ためには先生の言われる様ね事を、矢張り思い行じなければならない。」と言う事を確信をしてから頂いておると言う事が素晴らしい。今はそうでそれこそ勇ましい心をもって、一心発起をさせて頂いておるけれども、これから、また時々は悲しい思いをするようこともあろうけれども、その悲しい中にも一つの信心の情操とでも申しましょうか、その悲しい事がまた有り難い、と言う様な受けもの受け止め方というか、頂き方を私の体験通して、今日は聞いてもろうた。

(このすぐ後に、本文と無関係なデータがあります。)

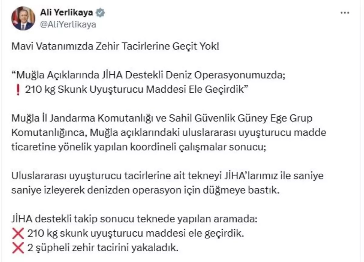 İçişleri Bakanı Ali Yerlikaya, jandarma ve Sahil Güvenlik tarafından gerçekleştirilen deniz operasyonunu sosyal medya hesabından paylaştı. Buna göre; Muğla açıklarındaki uluslararası uyuşturucu madde ticaretine yönelik yapılan koordineli çalışmalar sonucu, insansız hava aracı ile tespit edilen şüpheli tekneye operasyon düzenlendi. Yapılan aramada, 210 kilogram skunk cinsi uyuşturucu madde ele geçirildi, 2 şüpheli yakalandı.

悲しい時があるんですね。けれどもその悲しいから辛いからと言うて、それを他に求めたんでは、もう信心にはなりません。一心発起した値打ちがありません。そこを貫いてこそいうなら、三代金光様が「初めは辛うて辛うてよう泣いた」と仰せられますようにです、そこを辛抱し抜かれた所に、「我情がなくなり、我欲なくなりいわゆる思う事もなくなり、欲しいものも無くなった」と仰せられるほどに素晴らしい、心の状態が開けてくるのです。とくに一生をそれこそ「身も心もあなたにお任せする」
というて修行に打ち込む、信心修行に打ち込むというのですから、一言二言ではない。例えば皆さんの場合でもそうでしょう。例えばなら一言今日の御理解を頂いて、「今日を境に本気で腹は立てんぞ」と一心発起するといたしましょうか。「もう今日は神様、腹を立てさせて下さい」というて、腹を立てないかん時があるです。愚痴は言いません。不足言いません。言うちゃならん事も分かっとる。言わんなら、おかげ頂く事も分かっとるけれども、言わなおられんという時があります。

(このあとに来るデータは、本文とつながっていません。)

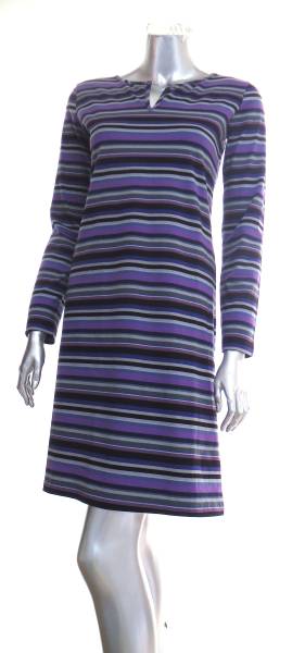 - 二点落札で送料無料! G048 GALLO ガッロ 紫 ボーダー 長袖 コットン ワンピース パープル S 綿
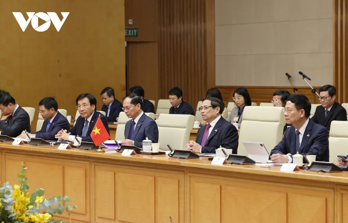 "Thay mặt lãnh đạo Đảng, Chính phủ và nhân dân Việt Nam tôi rất vui mừng và nhiệt liệt chào đón Thủ tướng Lawrence Wong lần đầu tiên thăm Việt Nam trên cương vị Thủ tướng Singapore. Chúng ta đã có nhiều lần gặp nhau, nhưng tôi thấy rất vui khi được đón ngày tại trụ sở của Chính phủ nước Cộng hòa xã hội chủ nghĩa Việt Nam”- Thủ tướng Phạm Minh Chính nói.

そこを辛抱しぬいて行く所の、いうならばおかげを頂く事の為に、皆さんが今大払信行を一生懸命やっております。私は今日福岡の教会の報徳祭に合わせて、初代の六十五年の式年祭のお祭りがございました。まあお供えを色々万端に揃えて、若先生が私の代参をいたしました。帰ってまいりましてから聞かせて頂いたんですけれども、本当にやっぱりそこそこで様々な流儀がしかもこれではいけないと言う所から、より本当な事を求めて色んなあぁ形の上でも、改めたりしておられるんだと言う事を思いました。

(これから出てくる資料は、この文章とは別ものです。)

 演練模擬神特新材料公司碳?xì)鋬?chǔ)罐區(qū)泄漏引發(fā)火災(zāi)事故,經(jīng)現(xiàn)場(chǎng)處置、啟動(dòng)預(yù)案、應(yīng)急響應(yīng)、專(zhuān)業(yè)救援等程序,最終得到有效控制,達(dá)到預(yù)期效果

御祈念中に祭典中に、親先生が御神前に出られてから「生神金光大神様、生神金光大神様、生神金光大神様」というて練習される。そしたら皆がそれに合わせて「生神金光大神様」の練習をする。「しかしそれは素晴らしい事だね」って私は言うた。今合楽で大払信行をやっておる。まあ、それと同じ意味の様事ではないだろうかと私は思うです。合楽ではここで皆さん、まあ毎日朝昼晩の御祈念の時だけにしか、大払を奏上いたしませんから、結局めいめいの家庭で時間をきって。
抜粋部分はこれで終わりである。